雨宮:これまで自分の周りには視覚障害者の人はいなかったので視覚障害者に対する認識は大きく変わりました。まず点字を読む速さに驚きました。我々が文字を読むのと変わりなく読むのだということを実感しましたね。そして記憶力がいい人が多いように感じます。校正する作業においては、晴眼者が引っ張るというより、触読校正者が主導で作業します。3年ほどこの仕事を続けていますが点字に関しての知識はまだまだ足りないので、触読校正者を頼りにしています。また。仕事が終われば、一緒に駅まで帰る間、普通にテレビの話題など話をしたりしており、我々晴眼者と変わらないと思いました。以前は自分の中にイメージや先入観があったのだと思うのですが、こちらが配慮して、視覚障害者には聞かない方がいいと考えていたこともありましたが、今ではざっくばらんに話をしていますね。

校正の様子
  • この仕事でやりがいを感じるときはありますか
膨大な量の出版物の制作に関わっている

青木:現在は主に自治体の広報の仕事を行なっています。月ごとに決められた量の仕事があり、常に時間に追われています。そして最近は郵便の翌日配達や土曜日配達がなくなったことで、早く仕上げなければならず、納期を守ることに精一杯でやりがいを感じる時間がないのが正直なところです。
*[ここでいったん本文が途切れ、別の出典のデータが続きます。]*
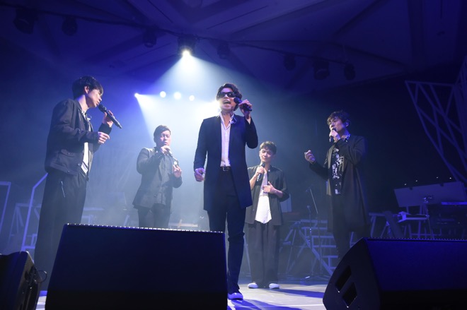 中盤のアコースティックコーナーでは、最新アルバム収録曲「Goodbye」、ソプラノサックスが奏でるメロディーと爽やかなアレンジが施された「約束の季節」、映画『母さんがどんなに僕を嫌いでも』主題歌「Seven Seas Journey」を披露。また、アルバムのテーマカラーでもあるピンクのスーツに衣装を替えた5人は、「Hiding Place」「NOTHING」「Right by you」「アンジュナ」とメロウなナンバーを畳み掛けた。

所長:特に選挙公報の点訳を行うときは短期間で膨大な仕事をしなければなりません。残業をすることも多いです。住民に必要な情報を届けるというのは大きなやりがいであり責任を感じるところではあります。

雨宮:雑誌を作っていると読者の感想が届くなどフィードバックがあって嬉しいです。雑誌の中の料理などの特集記事を楽しみにしている読者も多く、手紙などをもらうこともあります。

  • この仕事で課題だと思うことはありますか

所長:諸物価が高騰していますが、社会福祉法人としてすぐに値上げができるわけではありません。自治体広報や雑誌、教科書、選挙公報などが主な仕事であるため官公庁からの受注が多く、現在(取材時点)来年度の見積もりを行なっていますが大きな価格改定は難しいです。所長としては職員により良い待遇で働いてほしいと思っています。点字の出版物や印刷物に関して困っていることや相談したいことがあれば、ぜひ点字出版所に声をかけてほしいですね。

  • 職場の環境について教えてください

職員は男性16人で女性15人の総勢31名で男女はほぼ半分ずつ。そのうち全盲が5人、弱視が1人で視覚障害者は6人が働いています。

  • 行政に対するご意見があればお聞かせください

所長:地方によって視覚障害者への情報提供に差があると考えています。東京都は広報や都議会だより、選挙公報など点字の注文は多く、視覚障害者への情報提供に積極的です。しかしそうでない地方の自治体も多いと思います。全国で視覚障害者にとっての情報格差がないように国がバックアップしてほしいですね。仕事が増えれば我々も忙しくはなりますが、嬉しいです。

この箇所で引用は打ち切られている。